3. I have built experimental versions of RAF on top of NIO memory mapping,
in general the performance isnt that much better. All mmap gives you is
maybe better caching, so it wont solve #2. But maybe over NFS it might be
worth it. If you want to try it, and manage the changes and PRs etc, I
might be able to find my old code to get you started.
Regards, John
…On Tue, Sep 19, 2023 at 4:59 AM Andrea Aime ***@***.***> wrote:
I'm trying to understand a significant performance difference between a
Java-based application using the NetCDF library, and a C++ one, using the C
library. The C one is performing quite a bit better (2-3 times faster) over
network file systems, trying to get a time-series of data for a particular
point, over a file with chunking a 32x32x32 chunking (time, lat, lon),
using NetCDF 4 with compression. Mind, if the data is local, the difference
is minimal instead, which in my experience indicates an I/O chattiness
problem (too many small accesses).
Checking with strace, I can see that the Java program is doing a massive
number of reads and seeks, while the C one is using memory mapping and
performing the job with a much smaller number of kernel calls. Both
programs are extracting only the "Section" of data required, the Java one
does so by giving the target Section to Variable.read(section).
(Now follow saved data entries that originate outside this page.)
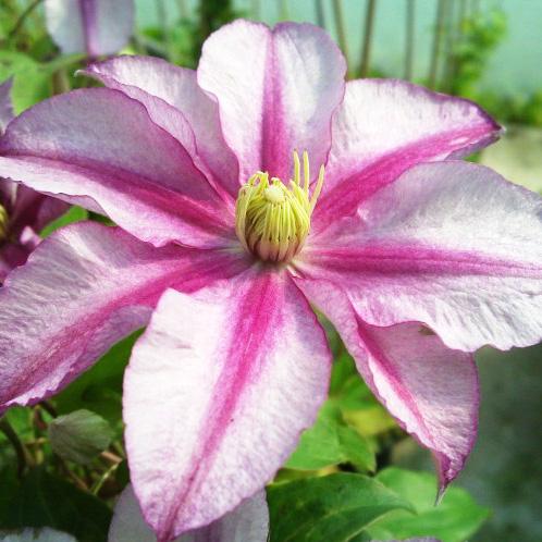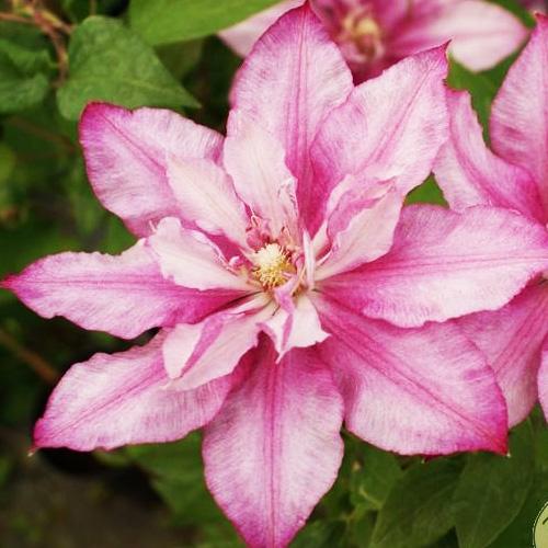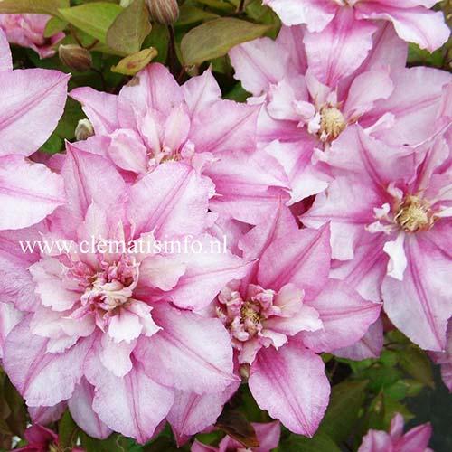 Клематис Lasting Love (Ластинг Лав) - польский сорт со светло-розовыми цветками с розово-красной полоской по середине лепестка, диаметром около 15 см. Высота 200-250 см. На прошлогодних побегах появляются полумахровые цветки. Тычинки с жёлтыми пыльниками на кремовых нитях. Цепляется за опоры листовыми черешками. Лучше цветёт и растёт на солнечных местах. Используется для выращивания у сеток, решёток и других садовых опор. Может плестись по натуральным опорам.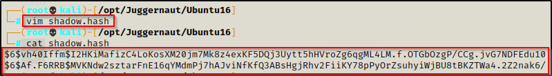 由于我们只关心哈希本身,因此我们只需要从$6$复制到 SHA-512 字符串的末尾。将两者复制到攻击者的机器后,它应该如下所示: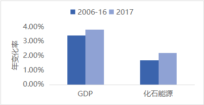 本报告主要从化石能源行业与电热能源两大方向着手,根据英国石油公司所撰写的2018年世界能源统计年鉴,化石能源消费领域在2017年底随着全球经济的变暖迎来强劲增长。根据不完全统计,2017年全球化石能源消费增幅近2.2%,远高于2016年的1.2%,更是超过过去十年能源消费平均增速1.7%。在2017年,近40%的化石能源被用于发电相关产业,并且其增长速度也接近10年来最高水平达到2.8%。但应注意到电力领域的增幅主要来自发展中国家。非化石能源的电力生产与供给正在逐渐扩大市场试图取代传统,煤,天然气等发电模式。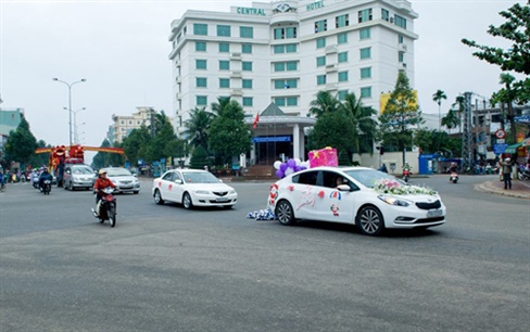 Đoàn rước dâu trông rất đẹp mắt với toàn xe SH, Vespa và những ông già Noel ở Quảng Ngãi.

Debugging, I can see the NetCDF Java library iterating over the file
chunks and asking itself "is this chunk intersecting the target Section",
ending up visiting all chunks (even if only the header of each chunk is
read), which seems inefficient. Is there no header indicating the offset of
each chunk, so that only the desired chunks can be read? (similar to the
tile directory in a GeoTIFF, for a comparison).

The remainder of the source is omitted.